Tuesday, October 22, 2019

DIY Malm Bed Headboard Up-cycle


We've had this old IKEA Malm black-brown bed our entire marriage, it was time to get something nicer! So we decided to get ourselves a new bed! However, we still had this extra bed that wasn't looking so great. We decided to up-cycle and make it worth using in our guest room (recently created because we moved our daughters into the same room).

wood slats laid out
We started by buying all the wood for the headboard. We used 9 boards: 4 1x3, 3 1x2 and 4 1x4.
Figure out the sizes that you will need to cover your head board. Mine was a Queen size bed, so we cut the wood down to 68 inches because my queen headboard was 66.5 inches and we needed the extra space to cover our side pieces. You'll want a variety of sized boards so we spaced them out equally.

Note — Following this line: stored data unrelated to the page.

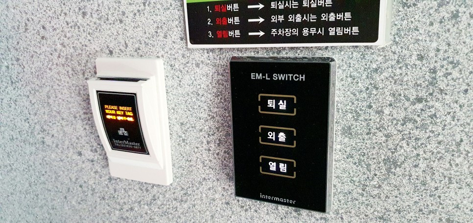 아침식사 후 퇴실처리를 하였습니니다. 퇴실 처리는 현관앞에 저렇게 퇴실 스위치를 누르면 됩니다. 보통 모텔이나 리조트처럼 키가 따로 있지도 않더라구요. 그냥 예약후 싸장님께 전화한통 걸면 체크인 처리되고 문을 열어주더라구요, 퇴실하는 것도 저렇게 간편합니다.
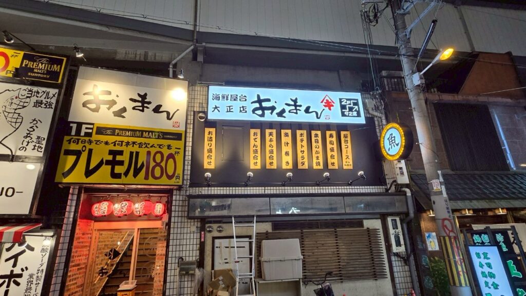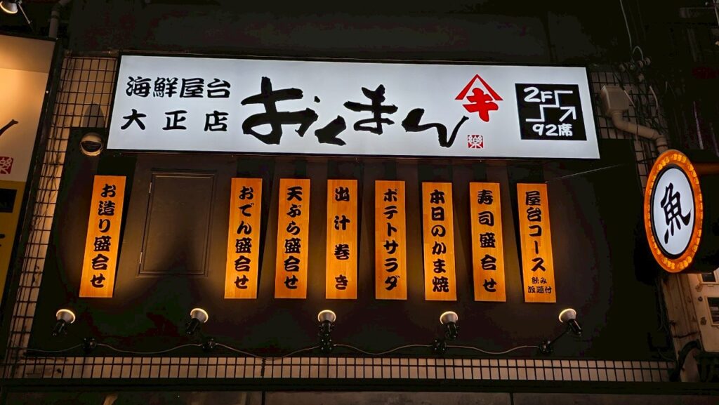 大正エリアの地域性を踏まえ、外観は親しみやすさと視認性を両立させる施工を行いました。夜間でも分かりやすい看板と照明を組み合わせ、初めての来店でも安心して入りやすい店舗構えとしています。
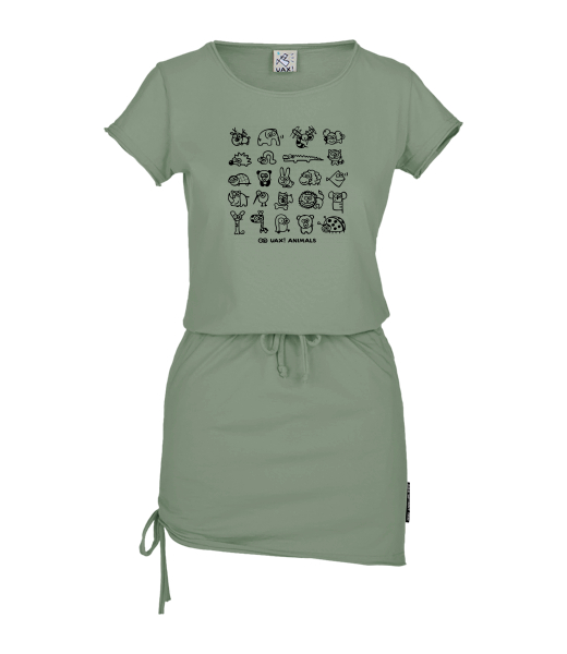 Women's dress URBAN with original prints for woman with design 1168 UAX! ANIMALS in color OLIVA
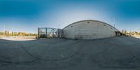 A man skateboarding on the edge of a skate park in North York, Toronto. The circular view captures the architectural beauty of the city. Sunlight casts hard shadows on the concrete walls and asphalt road surface.

Start by sanding down the faces and edges of the board. Lay them out so you know which sides are going to be visible. We had some BEHR Grey paint on hand and decided to make it more of a stain so we could see the wood grain. Just add some water and dilute the paint down and it becomes more stain like consistency.

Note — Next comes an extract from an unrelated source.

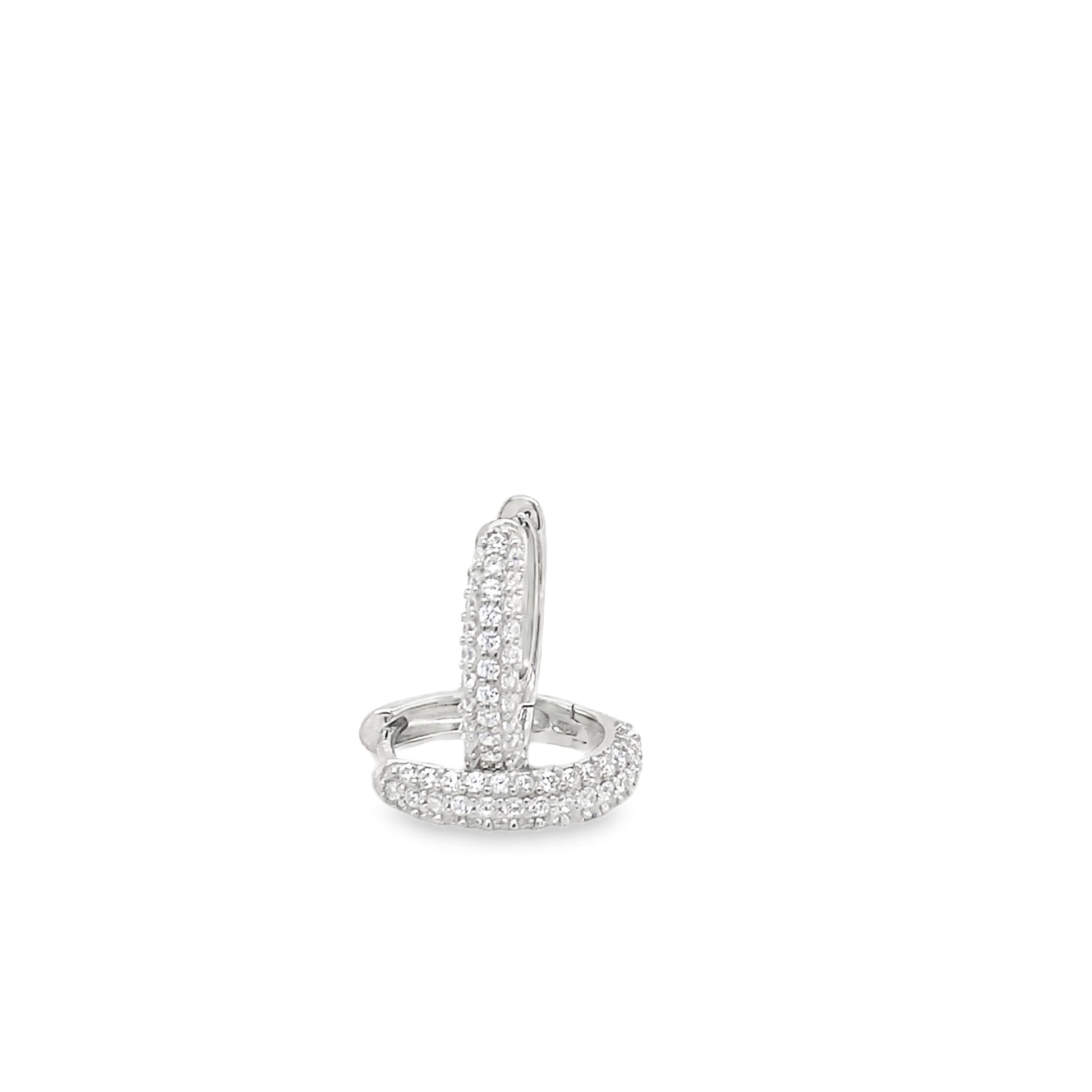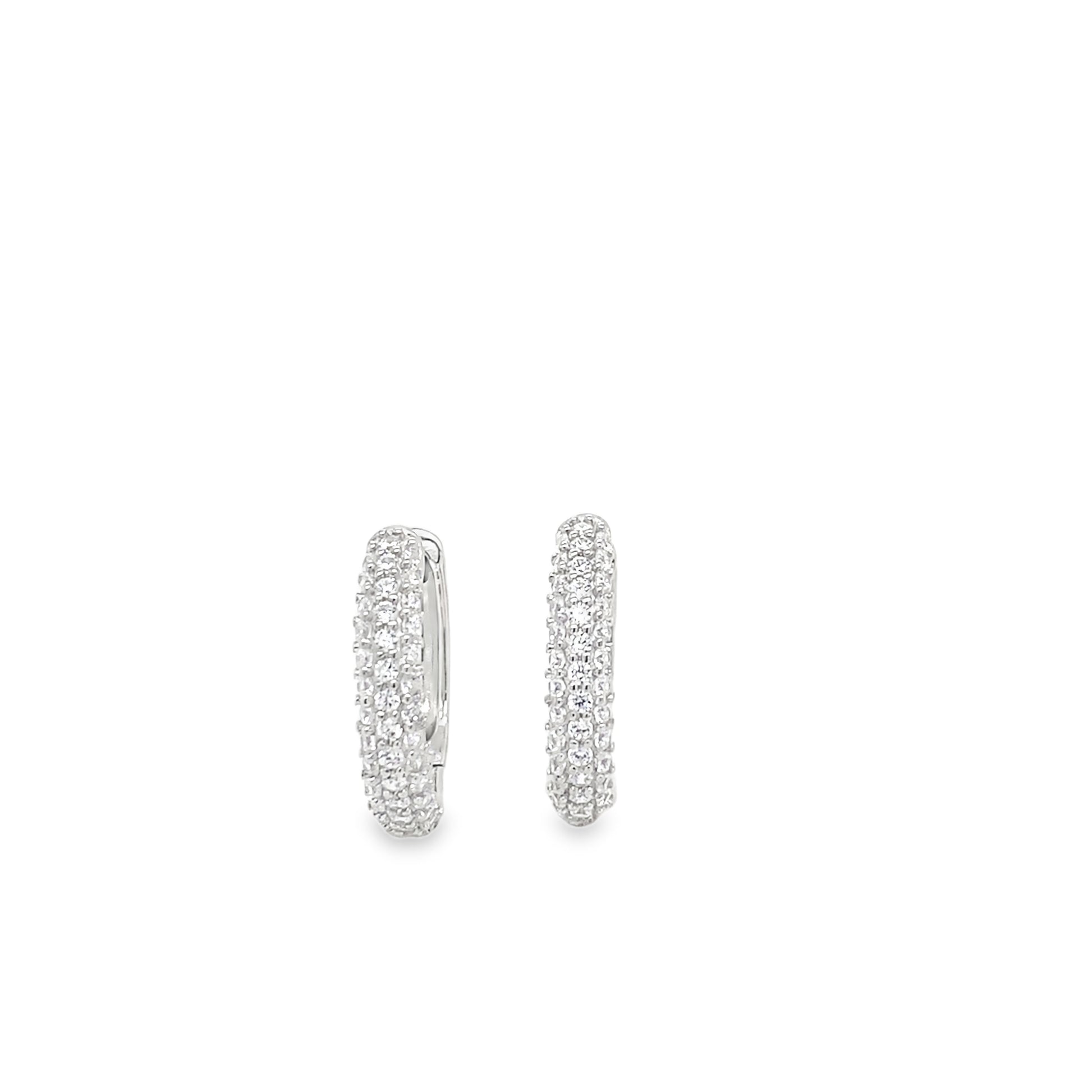 Sterling Silver CZ Pave 15mm Hoop Earrings

Let it dry for an hour at least when the weather is warm. You can do touch ups to get pieces that weren't completely covered, wait another hour. Next we clear coated it! We used Glidden Premium interior paint and primer. Again, let dry all the way before handling it.

Two coats of primer
Two coats of paint
Now before we assembled all the pieces together and built the new headboard, I decided we needed to do something about the rest of the bed. It was going to be this dark color that wasn't going to match anymore. So I got a primer, Valspar stainblocking primer/sealer and put two coats over everything I wanted it to be painted grey. Since the IKEA furniture isn't real wood, it's important you use a good primer prior to painting the wood! I also just used the paint as is and didn't add water to make it into a stain. I did use the same color, but it does appear darker than the headboard.

Side wood slat
Clamping the side to the top with liquid nail as well

Clamping the top two wood slats together

Once everything was dry we got to the fun part! Take your two side pieces and nail them onto the sides of your current headboard. We started out using a hammer and nail, but realized a nail gun would be so much easier! So we eventually did that. In order to make it as strong as possible, we bought liquid nails as well and glued all the wood we could prior to nailing it on.

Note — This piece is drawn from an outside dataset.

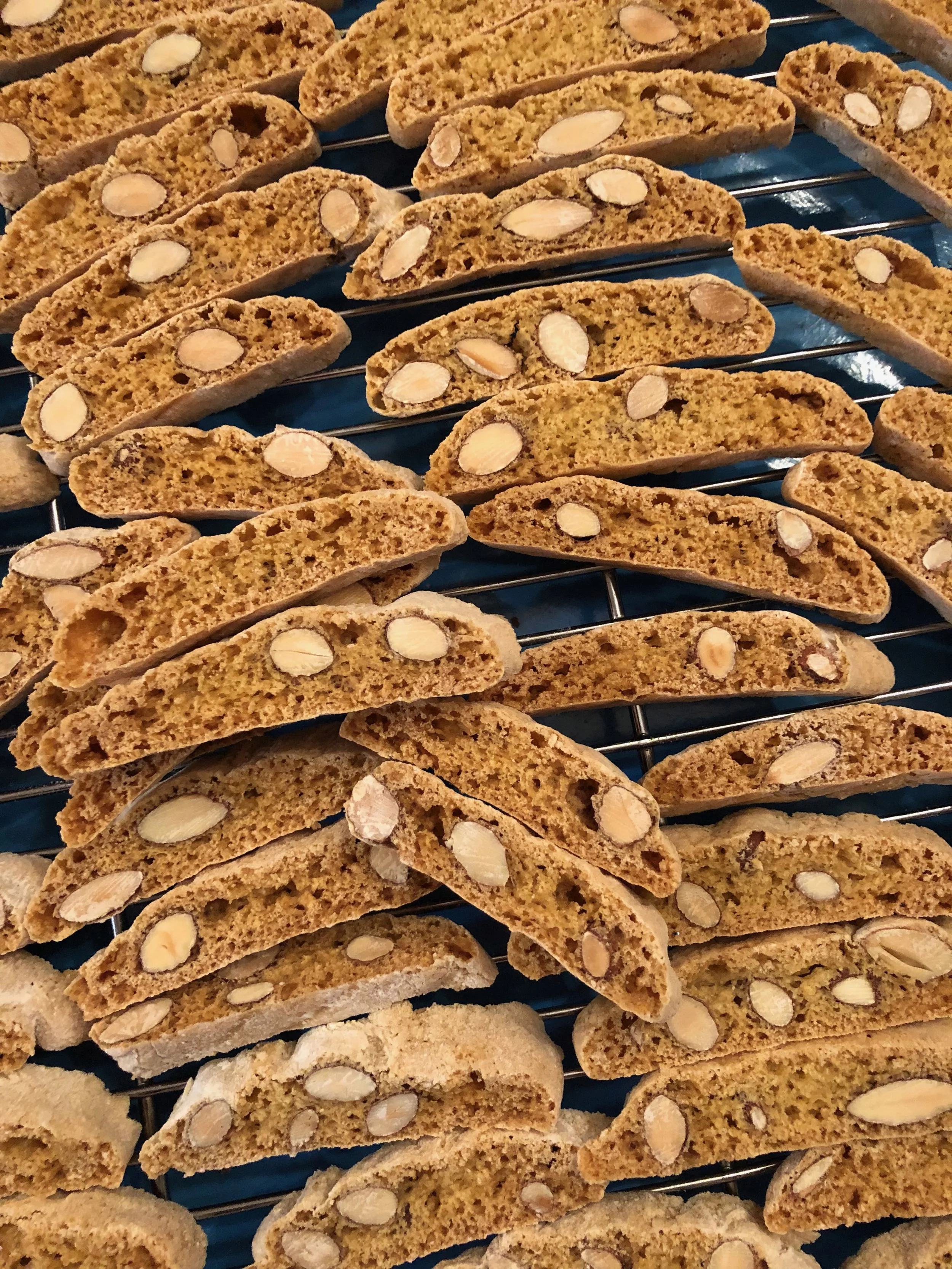 Biscotti are twice-baked cookies that are the perfect sweet with a cup of espresso or a glass of dessert wine after a great meal. There are all kinds out there these days, but these are the real deal: simple, authentic, good. It’s best to make this recipe on a dry day. If you’re going to serve the biscotti after a meal on a humid day, wait until just before serving to put them out. Dipping these in a cool glass of vin santo is definitely one of my favorite things.

Start from the top in case some of the wood is off from the cuts and that way you can cover up any mistakes with your mattress and bedding! The top piece is placed directly on top of the two side pieces as a cover. The wood that is placed before the top of the original headboard can be tricky, so we used liquid nails and glued each piece together as well as using a clamp to keep them straight. One way to fix this issue is adding a piece of wood that fits in between the wood (behind the headboard where you will not see it) and you can nail your wood slats directly to it.

Eventually our wood slats became too wide and we couldn't use the clamps to keep the wood in place as we used the nail gun. This is why you will need two people for this job! Have the slats perfectly in place when hammering (or nail gunning) the nails into place. Continue the process until the head board is complete!! Step back and enjoy your masterpiece!